One wonders how she would respond to the idea that one’s comprehension of a passage from a great work of art could be demonstrated by a response to a multiple- choice question.

We who love reading, like Emerson, want to read “books which take rank in our life with parents and lovers and passionate experiences.” Mikics believes in a similar vein that “when we read, we want a book to unlock us, even break us open.”

“Today more than ever, we find ourselves frustrated by the promises of digital technology, as it offers ever more rapid, more ingenious, and more unsatisfying ways of keeping in touch. Instead of staying up to the minute, we should step back and think about what Woolf, like so many others, celebrates: the rewards of slow reading.” (p. 317-18)

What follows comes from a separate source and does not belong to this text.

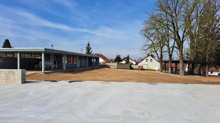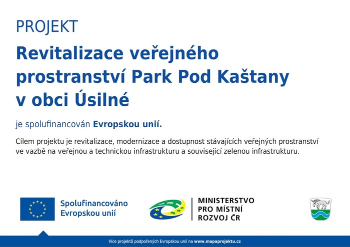 Vážení spoluobčané, jak jste jistě zaznamenali, v letošním roce jsme realizovali další fázi úpravy veřejného prostranství Altán pod Kaštany, které slouží jako prostor pro pořádání společenských a kulturních akcí v obci. Díky realizaci projektu došlo k vybudování betonové desky, která bude sloužit jako nová plocha pro umístění velkokapacitního stanu, který tak budeme moci používat za jakéhokoliv počasí. Zároveň došlo k úpravě okolní travnaté plochy, která by tak nyní měla lépe odolávat nepříznivému počasí a lépe sloužit pro všechny aktivity, které se na tomto prostranství budou konat. Součástí stavby je navíc retenční nádrž pro zachytávání dešťové vody, která nám umožní efektivněji o upravenou zatravněnou plochu a nově vysazené stromy lépe pečovat. Realizace projektu byla podpořena částkou 2 850 000,- Kč prostřednictvím Integrovaného regionálního operačního programu z prostředků Evropské unie.
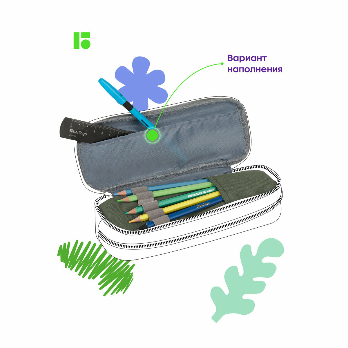 Пенал мягкий 2 отделения, 1 карман, 220×80×50мм, Berlingo «Classic military», полиэстер, внутр. органайзер

When declaring cultural independence from continental thinking in his “American Scholar” lecture Emerson proclaimed that “there is then creative reading as well as creative writing. When the mind is braced by labor and invention, the page of whatever book we read becomes luminous with manifold allusion. Every sentence is doubly significant, and the sense of the author is as broad as the world.”

It is too bad that our educational leaders seem to be lost when they insist that creative reading and writing are superfluous in the spiritually anorexic digital world that they so lovingly embrace.

What do you think? Should we be thinking more about reading as a creative process?

Paul Horton has taught for thirty years in virtually every kind of school. He began his teaching career in a recently integrated rural Texas middle school. He then taught for five years in a large urban high school in San Antonio’s West side where the majority of young people were ESL. He has been teaching at the University of Chicago Laboratory Schools, the country’s most diverse independent school founded by John Dewey, for fourteen years.